Lewes was a natural destination, he said, when he decided it was time to do something different.

“My wife, Lou, came to the same decision at the same time I did,” he said. So the couple looked up and down the East Coast to find the perfect place.
They landed in Lewes and opened their stores, Puzzles, The Stepping Stone and the Union Jack, the latter of which is now Lewes Gourmet.

But his stores aren’t all there is to life. Braithwaite and his wife are involved in many local organizations because they “like to try to make the world a bit better place,” he said.

“The real measure of a person is not what they do for themselves, but for others. And it’s fun,” Braithwaite said, at the same time assuring he is no saint.

He and his wife are founders of Coastal Concerts, an organization that brings classical musicians to town for concerts. “It’s very near and dear to my heart,” he said.

The program also has a scholarship program, one of the highlights in Braithwaite’s opinion. The program awards students money to further music studies at the university level, and sponsors education outreach in schools.

“I remember when I was high school age being given the opportunity to listen to spectacular classic musicians and its an experience that has stayed with me,” Braithwaite said. Those memories motivated him to waive admission fees for everyone under the age of 18 to go to concerts, he said.

His family and British ties are still clearly an influence. His brother, a physician, and mother, a nurse, believed in the British National Health Service that is responsible for 100 percent insurance coverage of British citizens.

Carrying on the tradition, he is a member of the Delaware Small Business Health Care Coalition and believes strongly in health insurance reform in America.

“We’re plugging away at trying to fix the system to get more reliable insurance,” he said, in an animated discussion on what he considers problems.

“Forty-seven million people have no health insurance in this country,” he said, “we need cradle-to-grave coverage where everybody is paying according to means and there is a continuity of care.”

While he tries to change things in the community, Braithwaite also embraces the past, evident in his recollections from boyhood, which crop up like mushrooms after a rain in his conversations—suddenly they are there, and just as quickly, he moves on to a new topic, another one of his causes.

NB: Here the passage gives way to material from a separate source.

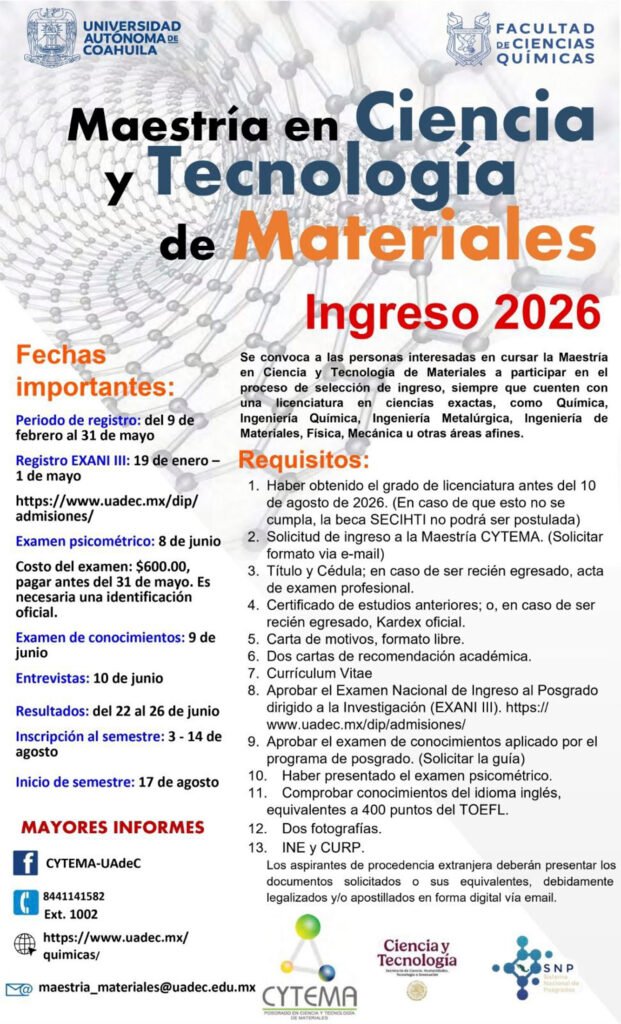 Continúa capacitándote en la UAdeC con la Maestría en Ciencia y Tecnología de Materiales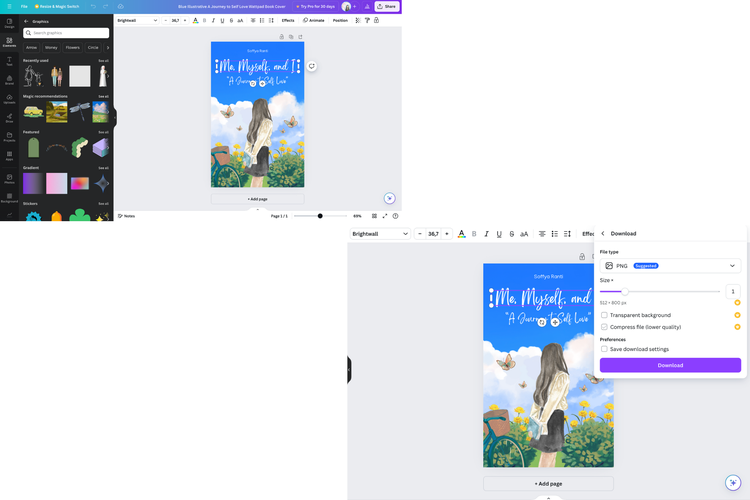 Setelah mengedit,Anda dapat menyimpan dan mengunduh desain cover novel atau buku yang sudah selesai dibuat

He is the chair of the Lewes Historical Society Endowment Committee for the second year, and plans to continue. “When we started out people weren’t aware there was an endowment. We want to heighten people’s awareness that they can leave a remembrance in their estate planning,” he said.

Braithwaite is a storyteller, full of colorful anecdotes than enliven the visits of customers as they stop in his Second Street store on a cold, gray January afternoon. He helps people figure out the puzzles on display and describes when and how he figured out how to complete them.

He adores owning businesses that people shop at for enjoyment. “Everybody has fun,” he said,” I have a postcard from when I was 5 or 6 years old that I wrote my parents from pony camp. It says ‘Thanks for the puzel mom and dad.’ I’ve always loved puzzles.”

He also enjoys being a fixture in downtown Lewes. “It’s the same people this time of year. You walk down the street and know most of the people,” he said of his adoration for the community.

Braithwaite did not move here temporarily; he intends to stay here and make a few ripples in the coastal town.

“I am going to die here,” he said.

But before Braithwaite puts his ship out to sea, he hopes to make some positive changes in the world, and especially in his hometown of choice, Lewes.